Bridging a Conceptual Divide: How Peer Collaboration Facilitates Science Learning

Collaboration is generally an effective means of learning new information, but is collaboration productive in domains where collaborators may hold qualitatively different conceptions of the domain’s causal structure? We explored this question in the domain of evolutionary biology, where previous research has shown that most individuals construe evolution as the uniform transformation of an entire population (akin to metamorphosis) rather than the selective survival and reproduction of a subset of the population. College undergraduates (n = 44) completed an assessment of their evolutionary reasoning by themselves (pretest), with a partner (dyad test), and several weeks later (posttest). Collaboration proved ineffective for the higherscoring partner in each dyad, as their scores generally remained unchanged from pretest to dyad test to posttest, but it proved effective for the lower-scoring partner. Not only did lowerscoring partners increase their score from pretest to dyad test, but they maintained higher scores at posttest as well. Followup analyses revealed that participants’ posttest scores were predicted by their partners’ pretest scores but only for lowerscoring partners, and the relation was negative: the smaller the difference between pretest score, the greater the gain from pretest to posttest for lower-scoring partners.
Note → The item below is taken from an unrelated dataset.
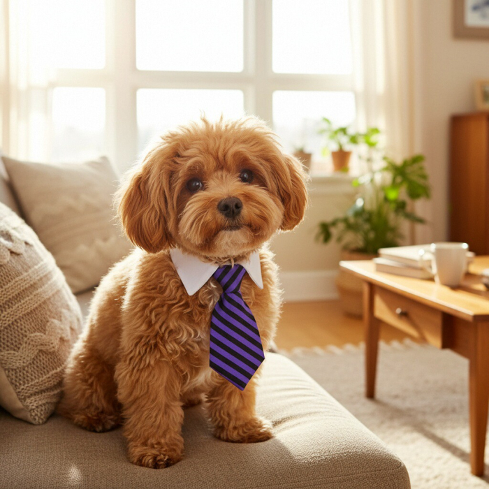 Fa-ti animalutul de companie mai elegant cu o cravata formala cu guler fals. Cravata este confectionata din poliester. Inchiderea este simpla datorita curelei Velcro. Acest accesoriu vestimentar este potrivit pentru animalele de companie de talie mica si mijlocie.

These findings indicate that collaboration in domains characterized by conceptual change is possible, but that learning from such collaboration is asymmetric (i.e., individuals with low levels of understanding benefit more than their partners do) and unequal (i.e., individuals with low levels of understanding benefit more if their partner’s understanding is only moderately higher). Thus, bridging the gap between a novice’s view of a conceptually complex domain and an expert’s view appears to require instruction more aligned with the former than the latter.